Nothing exists outside the Whole.
The Whole is the sum total of each existent, in all its spatial and temporal aspects, including all its self-governing laws.
The Whole is not an existent, but the entire field of existence itself, and as such can only be described as an existent provisionally.
One cannot inquire into universal existence as one might inquire into a delimited particular existent.
One may easily identify a particular apple and likewise identify all things particularly not-apple. Each existent is derived from the Whole itself. But the Whole encompasses every particular existent, and so there is no not-of-the-Whole from which one may differentiate or delimit.
In stating the principle, Nothing exists outside the Whole, this ‘nothing’ is not to be understood as a void that the Whole resides within. Rather, it indicates that the Whole does not possess any fixed boundary beyond which a differentiated not-of-the-Whole exists, or could possibly exist.
Unlike an existent, existence does not possess the attributes of ‘inside’ or ‘outside.’ The Whole, therefore, is all-inclusive: There is no existent that is not already ‘within’ and derived from the Whole (whether one is aware of or understands any particular existent or not).
The all-inclusiveness of the Whole renders the presence of a creator god a logical impossibility, since it too would be encompassed by the Whole, thus contradicting any definition of a creator god. For the same reason, any super-natural or meta-physical world cannot be posited as something ‘beyond’ the Whole.
Spatially, the Whole is necessarily self-sufficient, since there is nothing but the Whole—and so it cannot be contingent on anything not-of-the-Whole. Not-of-the-Whole necessarily does not exist and necessarily cannot exist.
Temporally, the Whole as the Whole has neither precedent nor antecedent: The Whole never was, nor will be.
Causes may be identified (from of a complex causal web, not merely a sequential chain), found in fluctuating events occurring within the Whole. But as for the Whole itself, it cannot be derived causally from any presumed not-of-the-Whole. The Whole irreducibly Is.

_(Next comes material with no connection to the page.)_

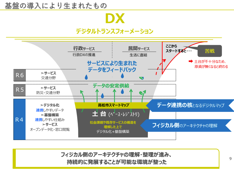 高松市では、インフラ台帳を管理する地理空間データ基盤を「土台」とし、この基盤上に「業務アプリケーション」と「新しい市民サービス」を構築しています。サービスからではなく、土台であるベースレジストリの業務改善から着手しており、基盤で台帳を管理する部分だけとっても、以前よりコストカットできているから、データが安定供給されることにつながります。今後も、地域課題の解決に向けて、民間の領域も含めたバックヤード側のさらなる業務のBPRを進めるとともに、社会構造を無理なく変えていく制度設計を行う中で、地理空間データ基盤を活用し、民間事業者も含めた多分野のデータ連携によるユースケースを段階的に拡充させ、官民連携による持続可能な都市経営に資する、まちづくりに取り組んでいきます。
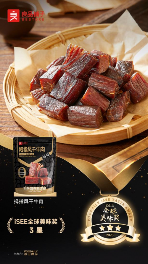 近日,第七届iSEE全球奖复审结果重磅揭晓。良品铺子凭借其卓越的产品创新力和对“自然健康新零食”理念的坚守,旗下多款产品——益生元西梅、牛乳蛋白棒(原味)、牛乳蛋白棒(树莓味)、岩烧猪肉脯及拇指风干牛肉,分别斩获iSEE全球美味奖1星至3星荣誉。这一成就意味着良品铺子“自然健康零食”的品牌主张符合当代消费者对食品的追求,为行业树立了健康与美味兼顾的标杆。

Because of this ontological irreducibility, discursive language and thought is inadequate to posit the Whole in any absolute sense.
A direct, discursive understanding of the Whole is impossible because a discursive approach requires reification—that is, the ability to differentiate between one existent and another.
Discursive understanding is adept at distinguishing the individual existent as well as the rational relationship between one existent and another. But on a deeper, more fundamental level, such a mode of inquiry is ontologically inappropriate.
However, this does not mean that discursive reason has no place in ontological inquiry, but rather that its role is a negative one. In such an inquiry, language is employed not to assert positive statements regarding the Whole. Rather, it is through the negation of attributes appropriate only to the existent that the transparency of the Whole may be real-ised.
In such an inquiry, one may only provisionally posit the attributes commonly ascribed to the existent, such as ‘inside’ and ‘outside’ (spatially or temporally). It is especially this inappropriate use of prepositions (spatial and temporal metaphors) that lead to confusion regarding the relationship between the existent and existence.
Provisional assertions should be entertained only in order to test and discover for oneself that such characteristics do not and cannot be attributed to the Whole. By doing so, one may recognise that treating existence ultimately the same way as an existent is nonsensical.
It is from this inability to distinguish between existent and existence that certain misleading metaphysical assumptions about the self and the world enter one’s thinking.
In the inquiry of the Whole, such ontological assumptions are to be examined, challenged and deconstructed, with the constructive aim of real-ising of the Whole not merely conceptually, but existentially.